BEGIN
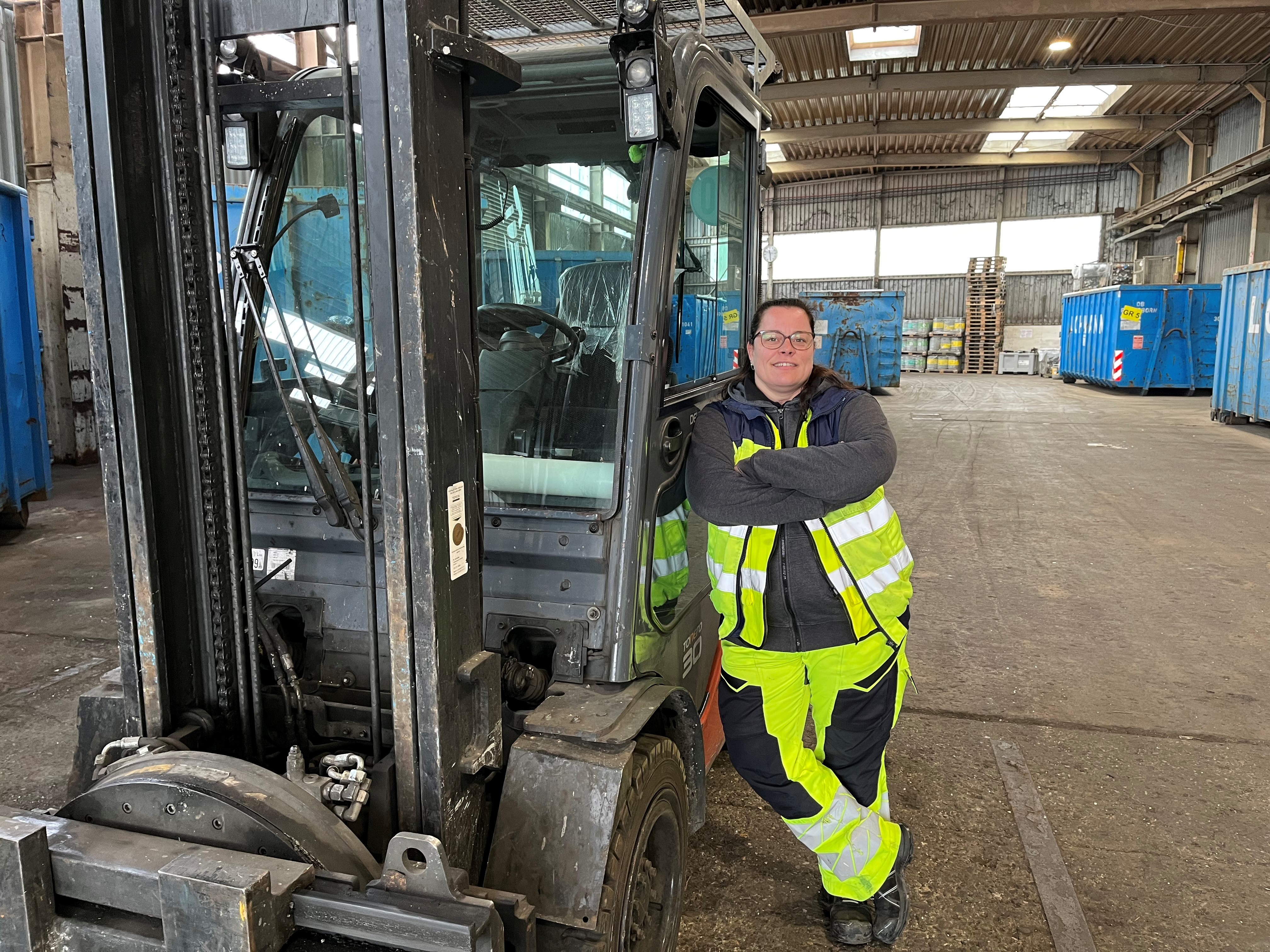 „Ich bin damals als Quereinsteiger gestartet, komme also eigentlich gar nicht aus dieser Branche. Angefangen bin ich vor etwa sieben Jahren als Recyclinghof-Mitarbeiterin. Zu meinen Aufgaben gehörten zum Beispiel die Kasse, Bagger, Stapler und Radlader fahren, Kunden betreuen und einweisen, LKWs ein- und auswiegen. Dann habe ich mir irgendwann den Hof-Koordinator erarbeitet, das heißt ich bin heute für das Personal auf dem Hof verantwortlich, für die Koordination und die Dienstpläne, die Organisation – also dafür, dass das Tagesgeschäft reibungslos läuft. Das Beste an meinem Job? Jeder Tag ist wie ein Überraschungsei.“
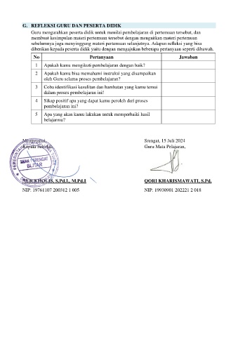G. REFLEKSI GURU DAN PESERTA DIDIK
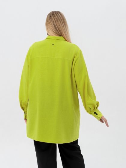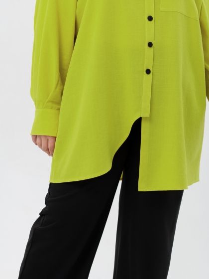 Удлиненная блузка прямого силуэта выполнена из однотонной смесовой ткани с высоким содержанием натурального волокна. Модель асимметричного кроя: низ правой полочки фигурно оформлен и значительно короче, чем у левой. На полочке и спинке расположены подрезные кокетки. Воротник рубашечный, на стойке. Длинный рукав оканчивается высокой манжетой, которую можно отогнуть, тем самым скорректировать его длину. По планке борта обработана застежка на пуговицы контрастного цвета. Модель отлично комплектуется с зауженными брюкам, создавая ощущение комфорта и свободы.
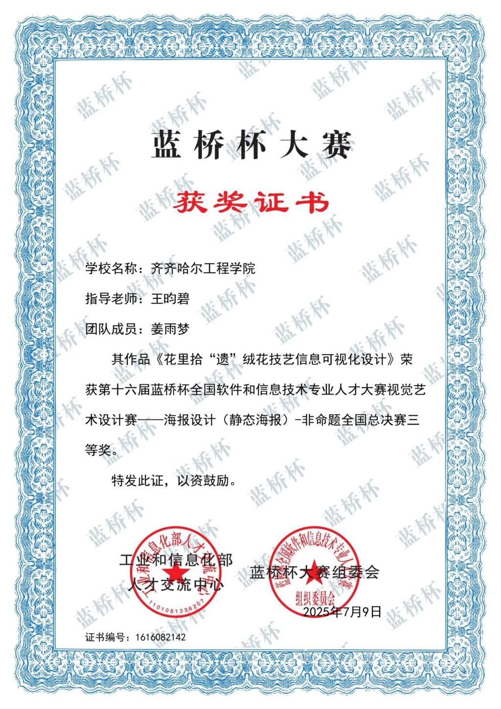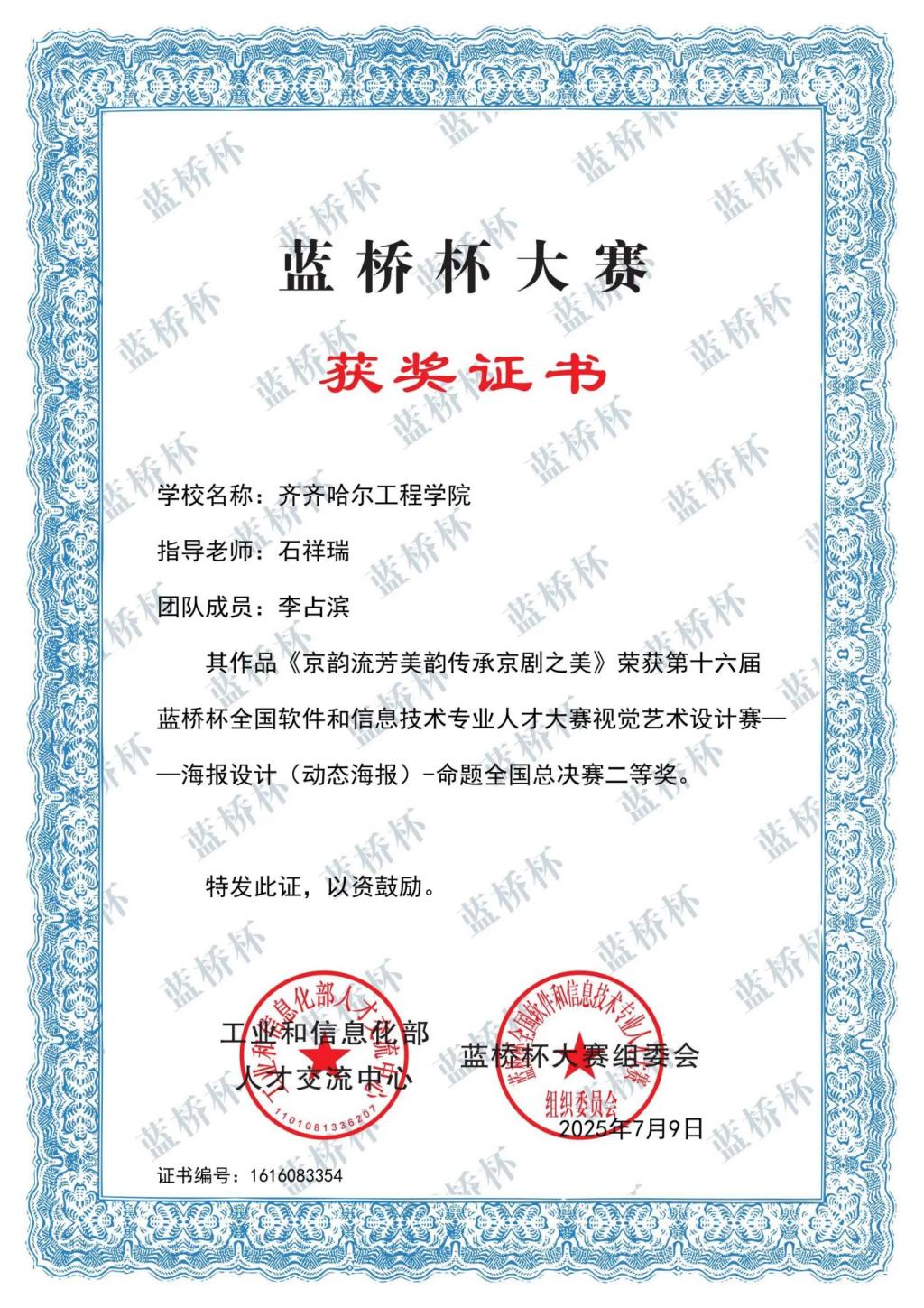 近日,第十六届蓝桥杯大赛圆满落幕,齐齐哈尔工学院艺术与体育学院视觉传达设计专业师生团队凭借出色的创意设计与专业实力,在赛事中脱颖而出,荣获多项大奖。其中,学生李占滨斩获国家二等奖、省级一等奖,姜雨梦荣获国家三等奖、省级一等奖,周怡等五人获省级二等奖,胡朕等五人获省级三等奖,韩俐君等三人获优秀奖,充分展现了学院在艺术设计领域的人才培养成果。
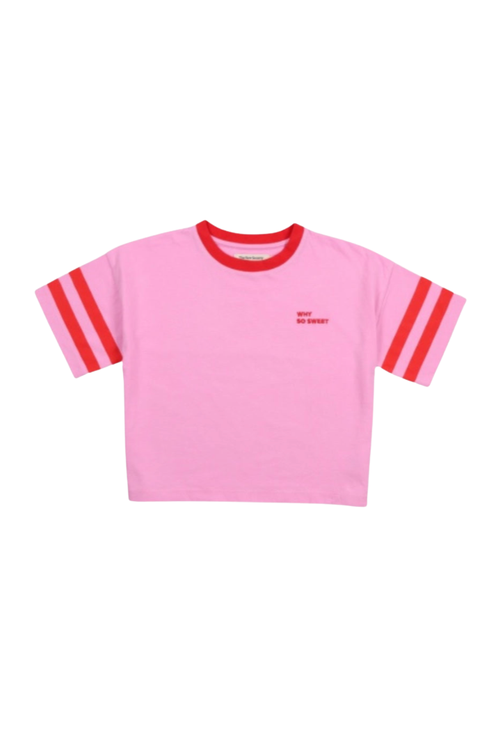 Het nieuwe Society Cana T-shirt in roze en lavendelkleur.
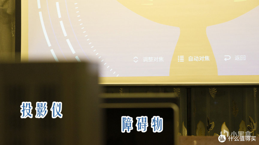 开机之后,猫我投影会自动根据屏幕或墙面对焦。若感觉对焦不够清晰还可以在“设置>投影>画面对焦”中通过遥控器的上下按键进行微调。
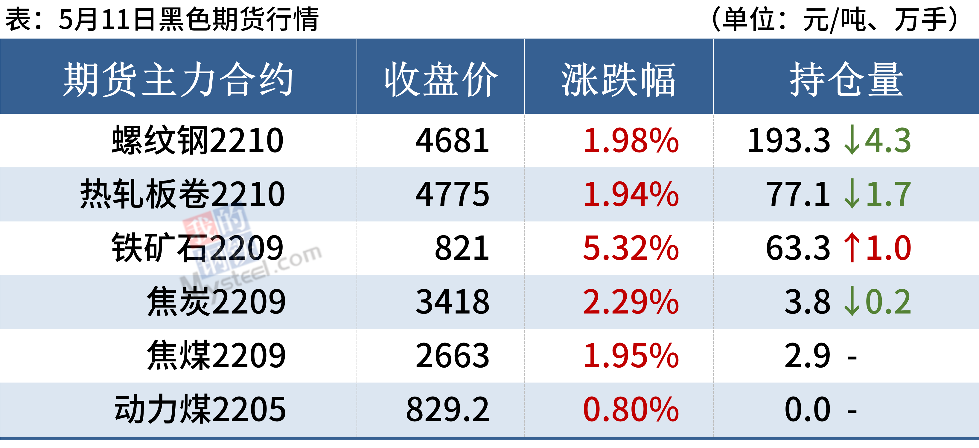 焦炭:5月11日,焦炭市場偏弱運行,焦炭市場全面落實第二輪降價,累計降幅為400元/噸。焦企前期焦化利潤修復(fù),產(chǎn)地開工多提升至高位,焦炭供應(yīng)相對有保證,即產(chǎn)即銷,多以積極出貨為主。鋼廠方面,鋼廠開工仍在高位,剛需仍在,鋼廠多有意控制到貨節(jié)奏。焦煤方面,前期降價后出貨仍不佳,部分煤礦庫存累積,今日山西焦煤價格下跌100-250元/噸,焦炭成本支撐開始下行,預(yù)計短期內(nèi)焦炭市場偏弱運行。
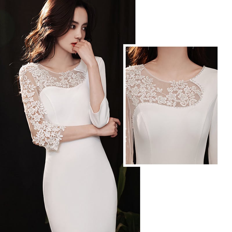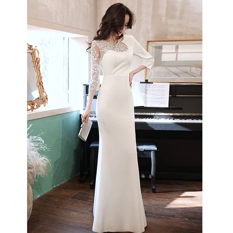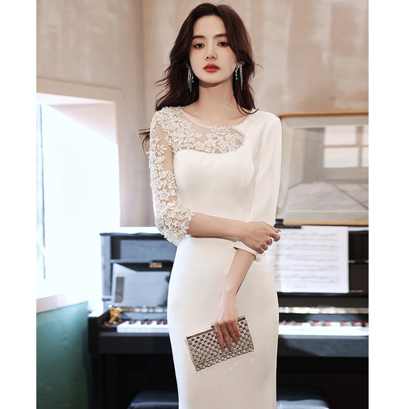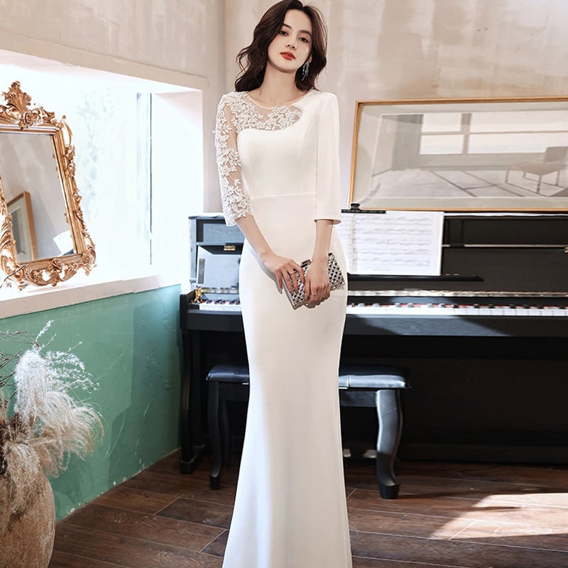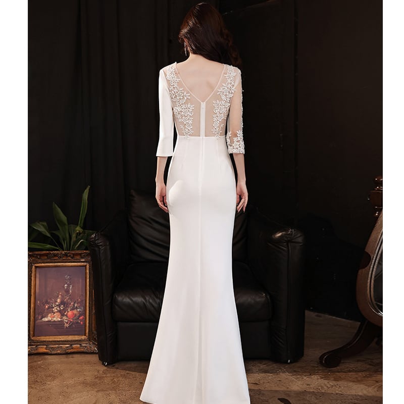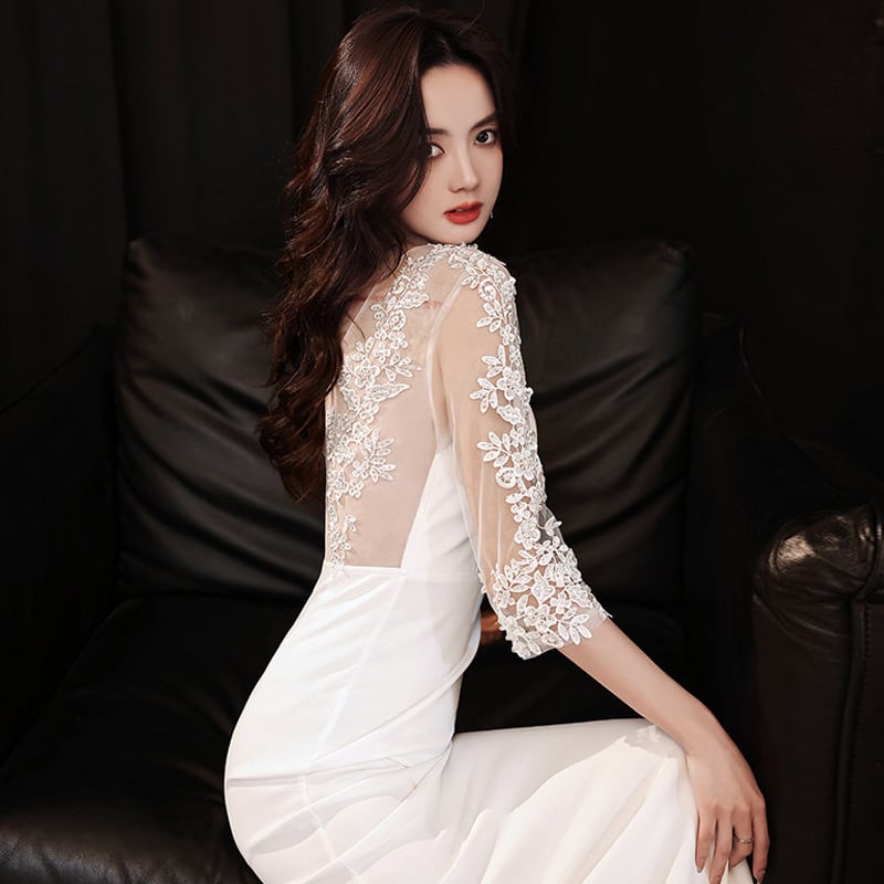 パーティードレス 刺繡 バックレス ロング丈 披露宴 ホワイト S M L XL 2XL
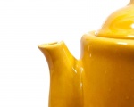Bề mặt ấm được trang trí bằng họa tiết mai vàng nổi bật, mang ý nghĩa may mắn
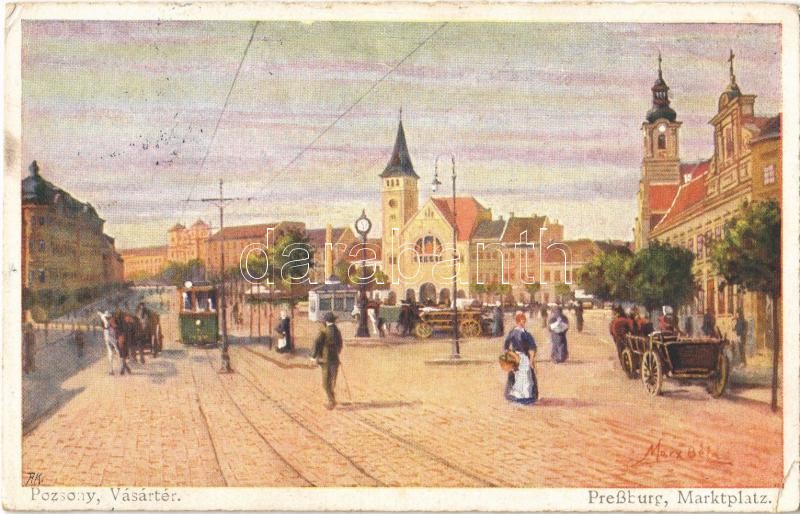 Leírás: Pozsony, Pressburg, Bratislava; Vásár tér, villamos / Marktplatz / market square, tram. B.K.W.I. 389-14. s: Marx Béla (EK)
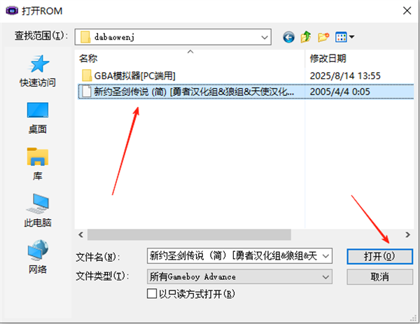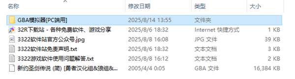 1、解压后,得到GBA模拟器,和新约圣剑传说游戏文件;
END
Return the opening line of the data above and every line after it up to and including the line that holds "G. REFLEKSI GURU DAN PESERTA DIDIK"; pictures stay out.

 „Ich bin damals als Quereinsteiger gestartet, komme also eigentlich gar nicht aus dieser Branche. Angefangen bin ich vor etwa sieben Jahren als Recyclinghof-Mitarbeiterin. Zu meinen Aufgaben gehörten zum Beispiel die Kasse, Bagger, Stapler und Radlader fahren, Kunden betreuen und einweisen, LKWs ein- und auswiegen. Dann habe ich mir irgendwann den Hof-Koordinator erarbeitet, das heißt ich bin heute für das Personal auf dem Hof verantwortlich, für die Koordination und die Dienstpläne, die Organisation – also dafür, dass das Tagesgeschäft reibungslos läuft. Das Beste an meinem Job? Jeder Tag ist wie ein Überraschungsei.“
G. REFLEKSI GURU DAN PESERTA DIDIK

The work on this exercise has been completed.